You guys know how much I love ginger and gingerbread bakes… We have ginger cake, gingerbread cookies, gingerbread cupcakes and all manner of ginger-laced treats.
These delicious ginger cookies are my go-to bake year-round and not just during the festive season. My kids love them with a glass of milk, I adore them as a snack and everyone who has tasted them always raves about them.
They are soft and chewy when freshly baked, gradually turning a little more crunchy, and more richly spiced!, the longer you keep them. If you manage to keep them that is, they tend to disappear as if by magic the minute they are out of the oven.
Best of all, these ginger cookies are super-easy to make so make sure to add them to your cookie recipe collection – and thank me later!

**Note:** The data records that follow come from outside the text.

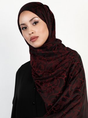 Balse Eşarp Siyah Bordo Viskon Yaprak Desen Şal
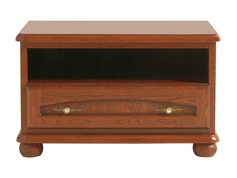 En mediabenk i imitert valnøtt og kastanje. Benken har en romslig skuff og et åpent rom over, med de avrundede formene og messinghåndtakene blir benken et klassisk innslag i interiøret ditt.
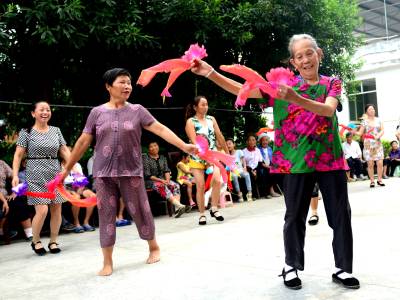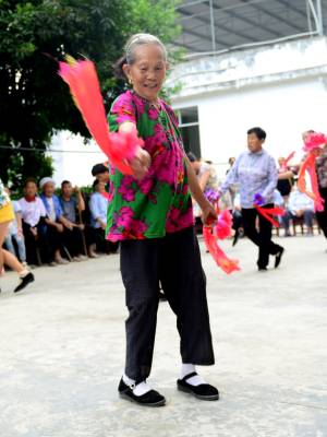 8月16日,来凤县革勒车镇令家界农民舞蹈队80岁的姚子云与队员们一道,在中心福利院为院民们唱歌、跳舞送欢乐。令家界农民舞蹈队成立于2013年,共有队员30余人。姚子云虽已80岁高龄,但她仍坚持天天到场参加演出,是队里的活跃分子。
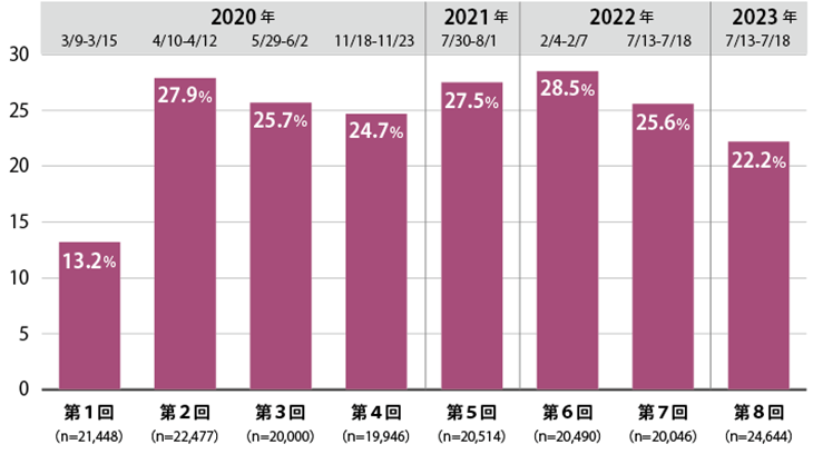 株式會(huì)社パーソル総合研究所「第8回?テレワークに関する調(diào)査/就業(yè)時(shí)マスク調(diào)査」より作成
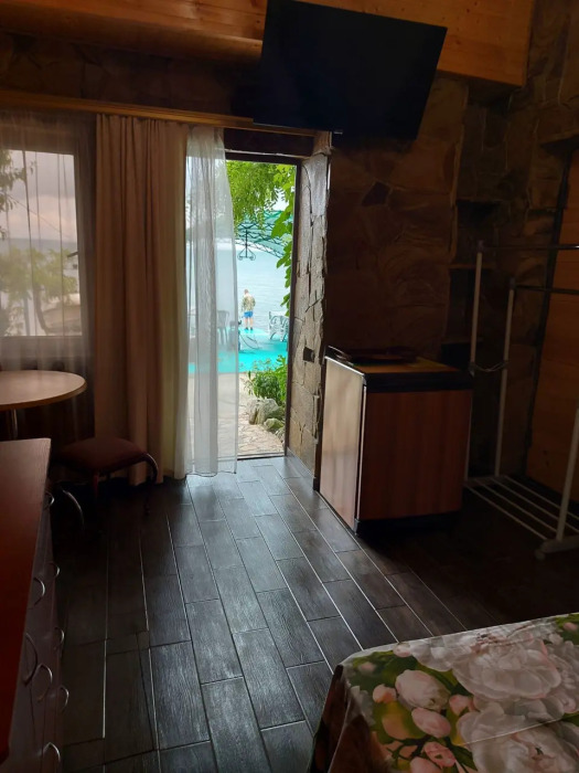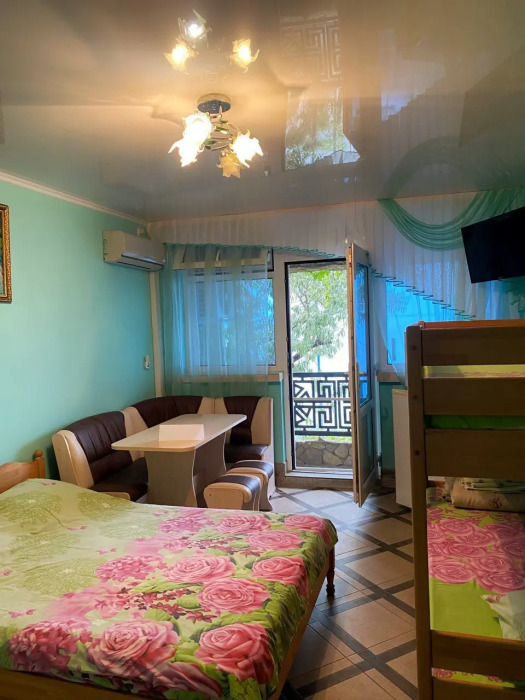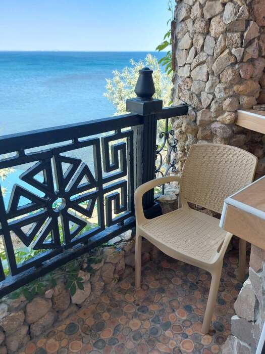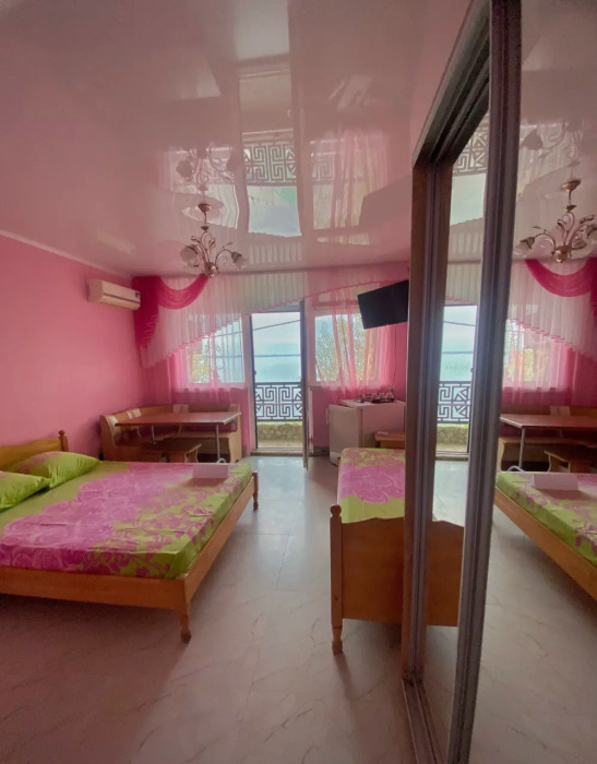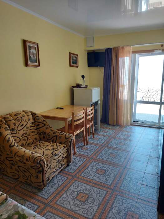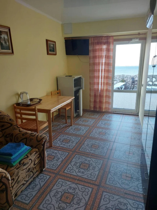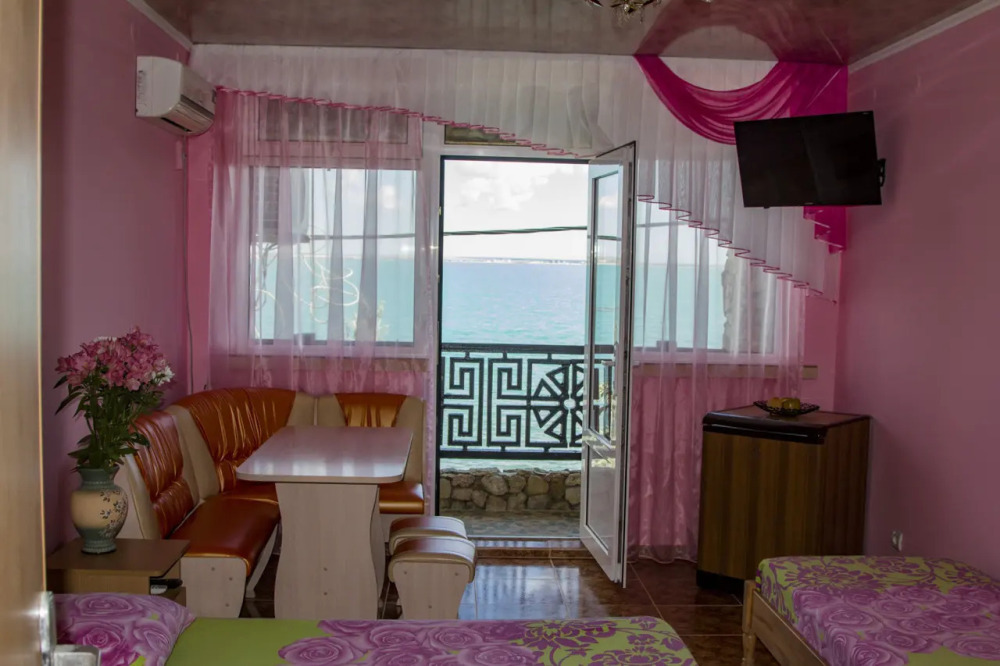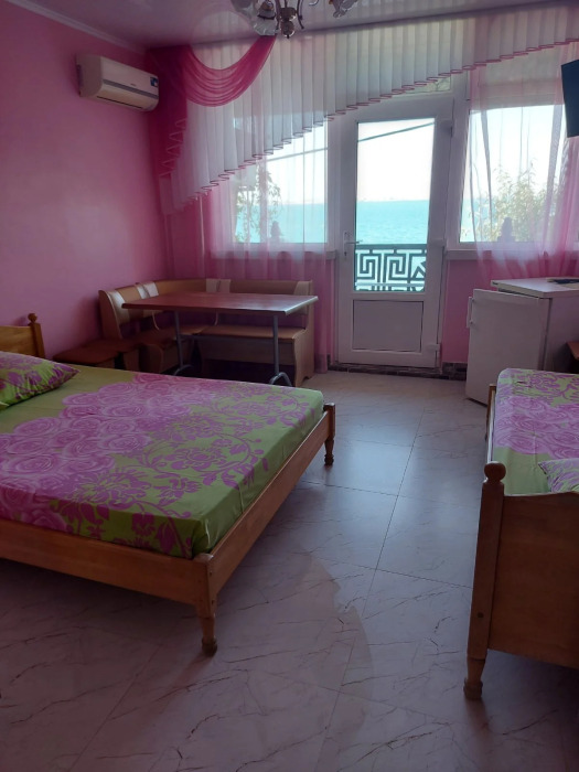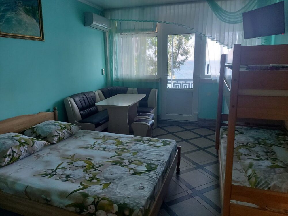 Номер с видом на море. Туалет в номере, душ в номере. Новая мебель, современный ремонт. Номера оборудованы холодильником, телевизором, кондиционером. Действует Wi-Fi.

Ginger Molasses Cookies Ingredients
Here’s what you will need to make my ginger molasses cookies recipe:
- Unsalted butter: room temperature butter that perfectly soft (but not melted – this will make your cookies greasy)
- Sugar: Granulated or caster white sugar, plus extra sanding or Turbinado sugar to roll the cookies in prior to baking
- Molasses: I use Grandma’s Original molasses (you can replace with treacle in the UK)
- Egg: large egg at room temperature
- Flour: all-purpose flour (plain flour) plus baking soda
- Spices: ground ginger, cinnamon and cloves complement the rich molasses flavor
- Salt: balances all the sweetness

How to make Ginger Cookies
Full measurements and instructions can be found on the printable recipe card at the bottom of the page. Please take a look at the steps and video before attempting this recipe!
Cream the butter and sugar using a hand or stand mixer until light and fluffy. Make sure to use a spatula to scrape the bottom and sides of the mixing bowl halfway through.

Add the molasses, egg, baking soda, salt and spices and beat them in. Gradually add the flour and mix it in until it is incorporated (avoid over beating though).

Use a small cookie scoop to divide the cookie dough into small balls.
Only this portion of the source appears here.